Na pesca artesanal, o Instituto de Pesca atua no desenvolvimento de estudos, monitoramentos e ações de apoio que valorizam o conhecimento tradicional, promovem o uso sustentável dos recursos pesqueiros e contribuem para a manutenção da atividade como fonte de alimento, trabalho e identidade cultural para diversas comunidades. Essas iniciativas buscam fortalecer a pesca artesanal de forma responsável, aliando preservação ambiental e inclusão social.

Na aquicultura, as pesquisas e ações desenvolvidas pelo Instituto contribuem para o aprimoramento dos sistemas produtivos, o aumento da eficiência, a melhoria da qualidade dos produtos e a adoção de práticas sustentáveis.
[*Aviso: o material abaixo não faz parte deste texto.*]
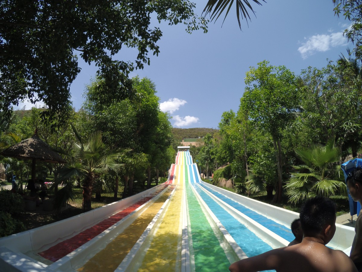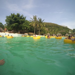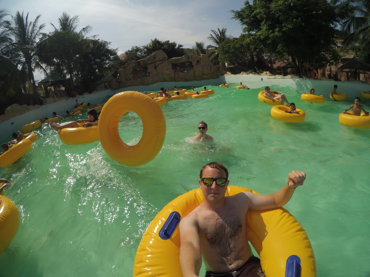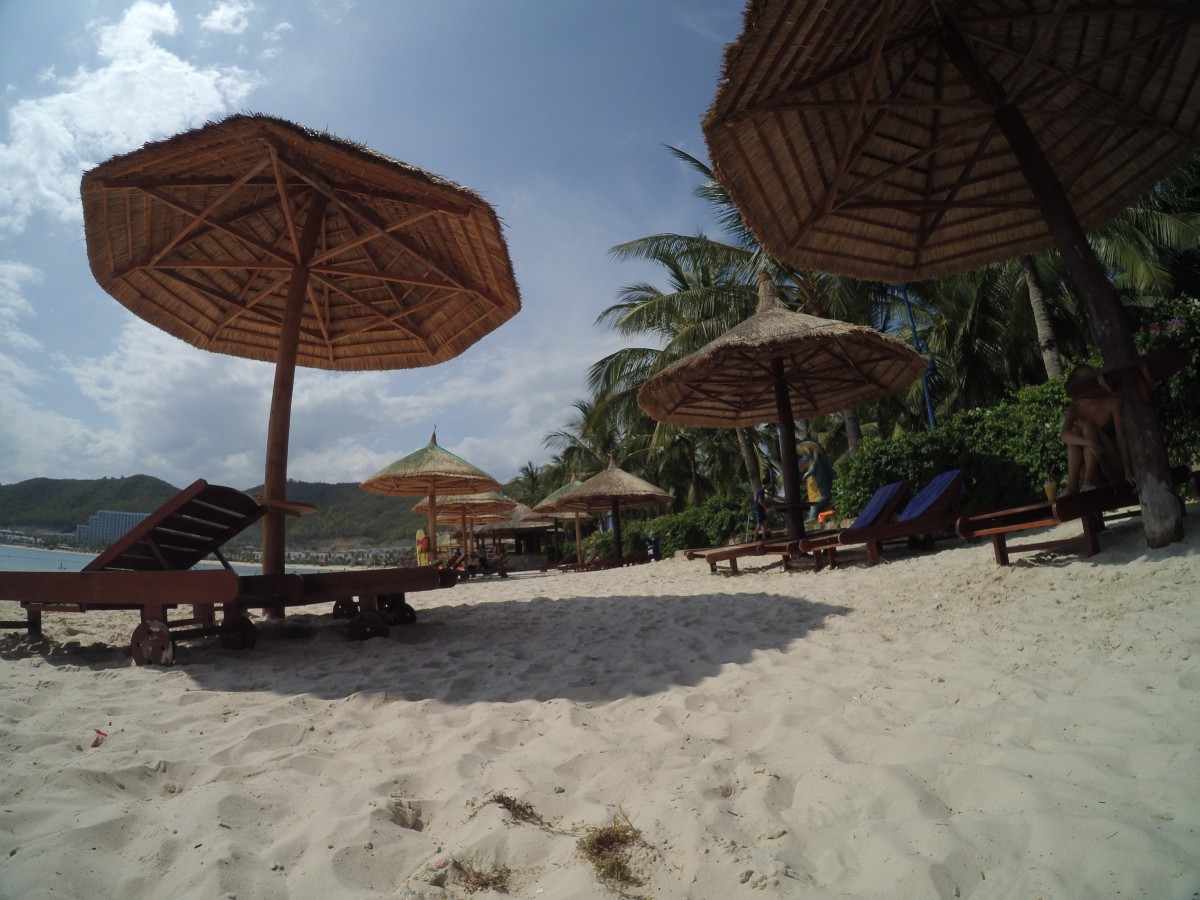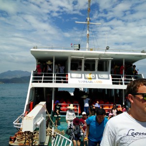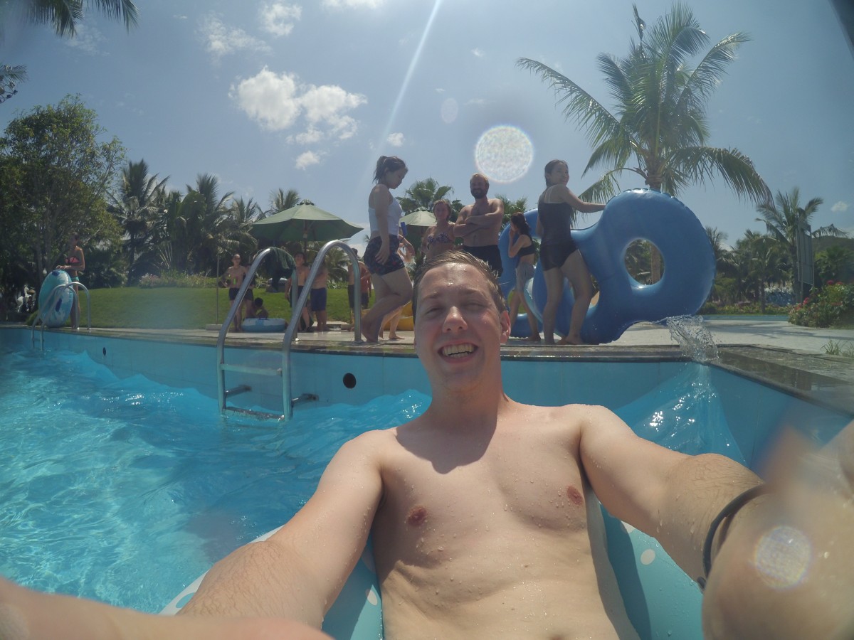 Gestern war der letzte Tag in Hoi An, nach dem wir unsere fertigen Anzüge abgeholt hatten sind wir noch etwas durch die Stadt geschlendert um dann Abends mit dem Nachtbus nach Nha Trang zu fahren. Heute sind wir dann nach einer super holprigen Fahrt gegen 6:30 angekommen, da der Check-in aber erst ab 11:00 im Hostel möglich war haben wir unsere Badehosen eingepackt und sind mit dem Bus zum Vinpearlland Vergnügungspark gefahren der unter anderem einen Wasserpark beinhaltet. Der Eintritt ist für Vietnam mit 20€ relativ hoch dafür sind aber alle Fahrgeschäfte und die Überfahrt mit Fähre/Seilbahn im Preis enthalten. Nach dem Park ging es dann zurück nach Nha Trang, wo uns das erste Mal aufgefallen ist das es von Russen nur so wimmelt. Daher hat auch ein Großteil der Bars und Geschäfte kyrillische Leuchtreklame und Karten ausliegen.

O apoio técnico e científico ao setor aquícola favorece a competitividade dos produtores, a geração de renda e a expansão de uma produção alinhada às demandas ambientais e de segurança alimentar.

Foto: Divulgação/IP-Apta

Entre as principais frentes de atuação da instituição também estão a valorização do pescado como alimento saudável e acessível, a melhoria dos processos produtivos e o aproveitamento integral dos recursos, reduzindo desperdícios e promovendo eficiência econômica e ambiental.

As pesquisas conduzidas pela instituição subsidiam políticas públicas e ações voltadas ao desenvolvimento regional, contribuindo para a inclusão produtiva, o fortalecimento das economias locais, a promoção de sistemas alimentares mais justos e resilientes, além da preservação e proteção dos recursos hídricos.

Ao conectar ciência, produção e sociedade, o Instituto reafirma seu papel estratégico como referência em pesquisa aplicada e inovação, alinhando tradição e conhecimento técnico aos desafios contemporâneos da sustentabilidade, da segurança alimentar e das mudanças climáticas. “Neste novo ano a instituição segue comprometida com sua missão e busca ampliar parcerias, disseminar conhecimento, conquistar novos programas e gerar impactos positivos que beneficiem tanto o setor produtivo quanto a população, fortalecendo o pescado como um aliado da saúde, da economia e do meio ambiente”, ressalta o vice-coordenador do IP, Eduardo de Medeiros Ferraz.